A split-brain partition occurs if a subset has exactly half the cluster members. (The split-brain partition does not include the scenario of a two-node cluster with a quorum device.) During initial installation of Sun Cluster, you were prompted to choose your preferred type of recovery from a split-brain scenario. Your choices were ask and select. If you chose ask, then if a split-brain partition occurs, the system asks you for a decision about which nodes should stay up. If you chose select, the system automatically selects for you which cluster members should stay up.
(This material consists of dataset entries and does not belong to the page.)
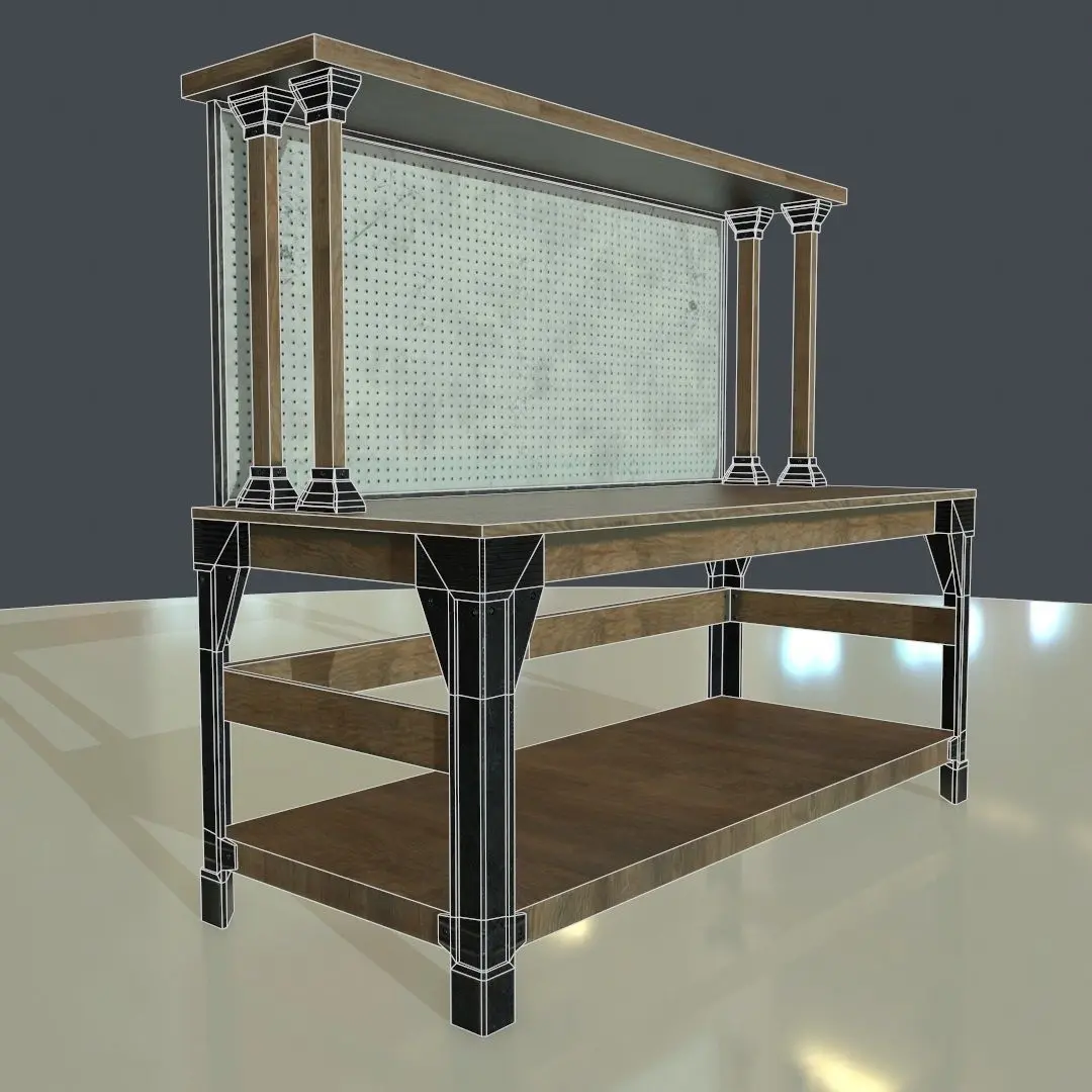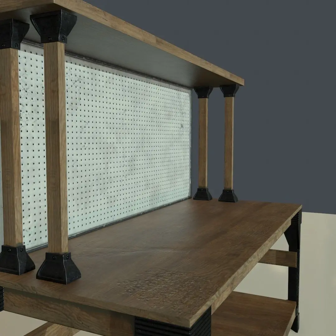 This package contains a high quality, game ready workbench model that can be used in any realtime renderer that supports the physically based rendering pipeline aka PBR, using the metallic workflow. (If you are unsure what this means, texturing of this model is probably not compatible with your target renderer. Traditional specular/gloss maps are not included!)
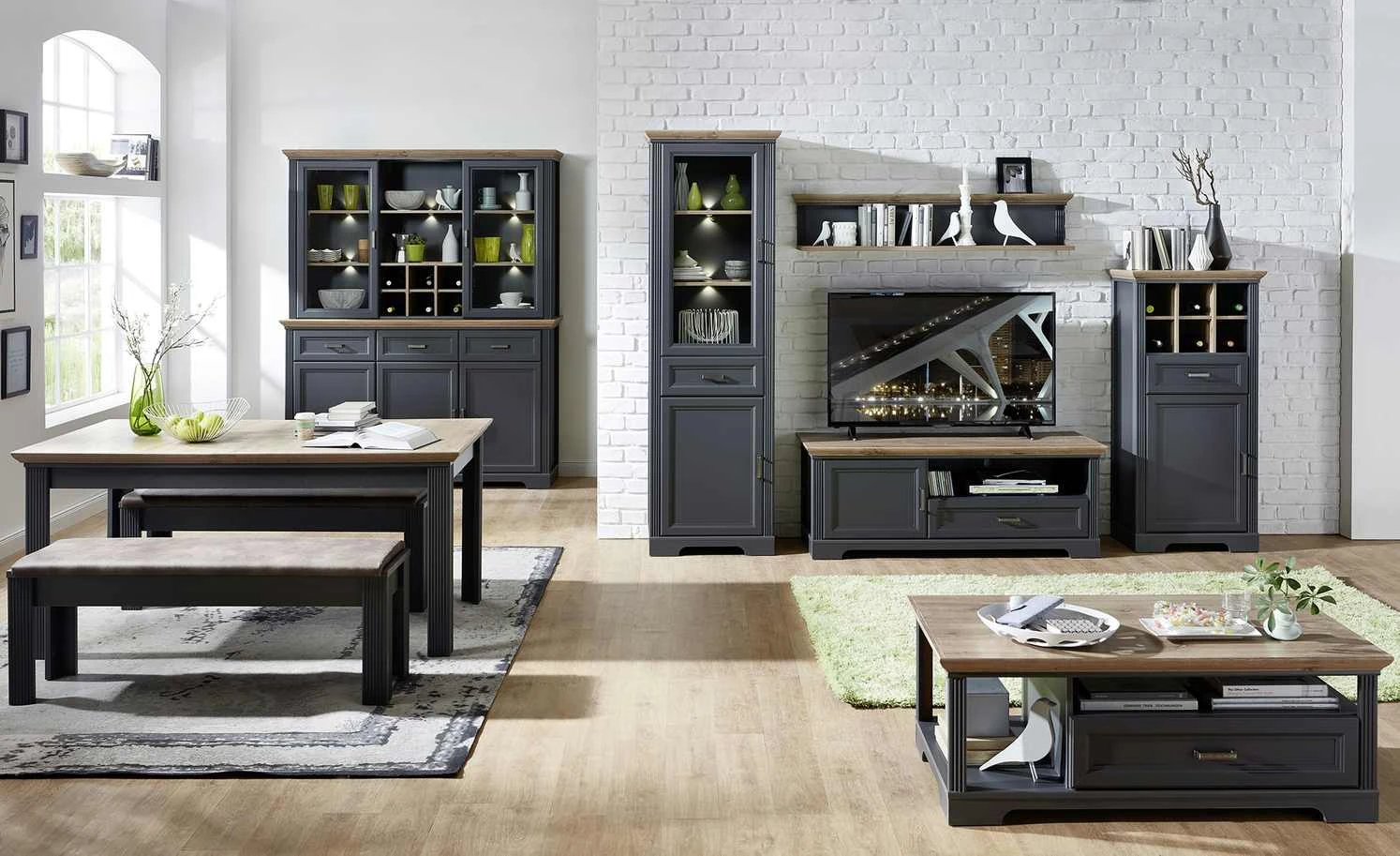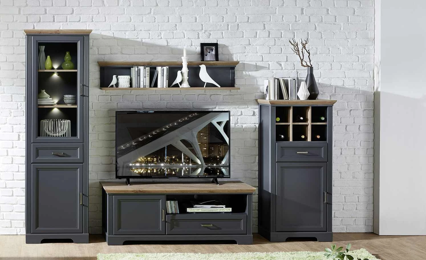 Vitrine Varese | Graphitgrau / Asteiche (Nachbildung)
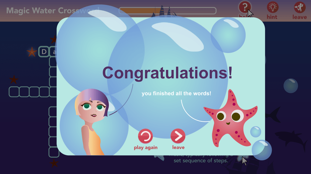 This is a collaborative project with both a front end and back end development team over the course of two semesters. Together, we are creating an interactive online crossword puzzle game that is under water themed.
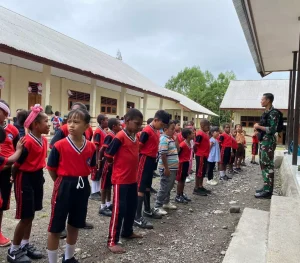 Yalimo ~ Satgas Yonif 200/BN melalui Pos Elelim mengajarkan senam Maumere kepada siswa siswi SDN Bulmu sebelum memulai pelajaran kelas...
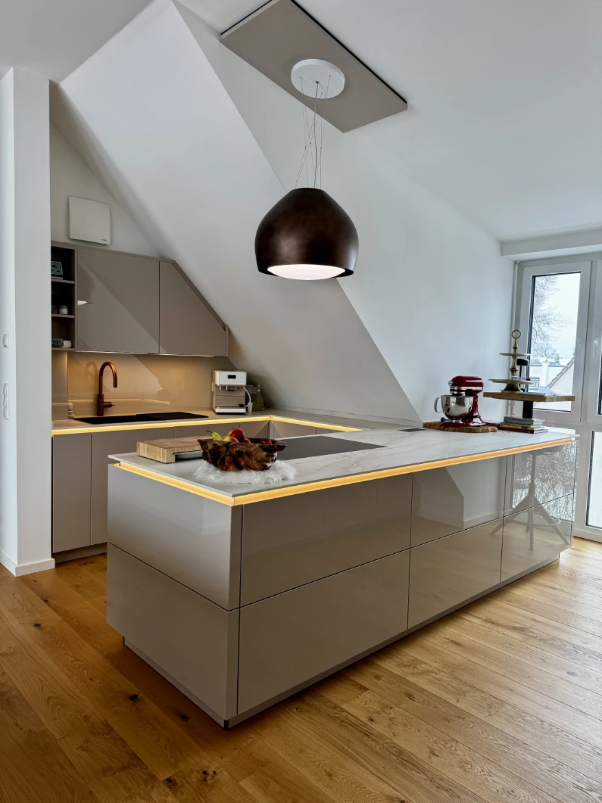 Die größte Herausforderung bei diesem Projekt waren die vorhandenen Dachschrägen. Um den Raum optimal zu nutzen, wurde der Trockenbau bewusst vorgezogen und die Küche frühzeitig in die Planung integriert.

If you chose an automatic selection policy to deal with split-brain situations, your options were Lowest Nodeid or Highest Nodeid. If you chose Lowest Nodeid, then the subset containing the node with the lowest ID value becomes the new cluster. If you chose Highest Nodeid, then the subset containing the node with the highest ID value becomes the new cluster. For more details, see the section on installation procedures in the Sun Cluster 2.2 Software Installation Guide.
In either case, you must manually abort the nodes in all other subsets.
If you did not choose an automatic selection policy or if the system prompts you for input at the time of the partition, then the system displays the following error message.
SUNWcluster.clustd.reconf.3010 "*** ISSUE ABORTPARTITION OR CONTINUEPARTITION *** Proposed cluster: xxx Unreachable nodes: yyy" |
Additionally, a message similar to the following is displayed on the console every ten seconds:
*** ISSUE ABORTPARTITION OR CONTINUEPARTITION *** If the unreachable nodes have formed a cluster, issue ABORTPARTITION. (scadmin abortpartition <localnode> <clustername>) You may allow the proposed cluster to form by issuing CONTINUEPARTITION. (scadmin continuepartition <localnode> <clustername>) Proposed cluster partition: 0 Unreachable nodes: 1 |
If you did not choose an automatic select process, use the procedure "4.6.2 How to Choose a New Cluster" to choose the new cluster.
To restart the cluster after a split-brain failure, you must wait for the stopped node to come up entirely (it might undergo automatic reconfiguration or reboot) before you bring it back into the cluster using the scadmin startnode command.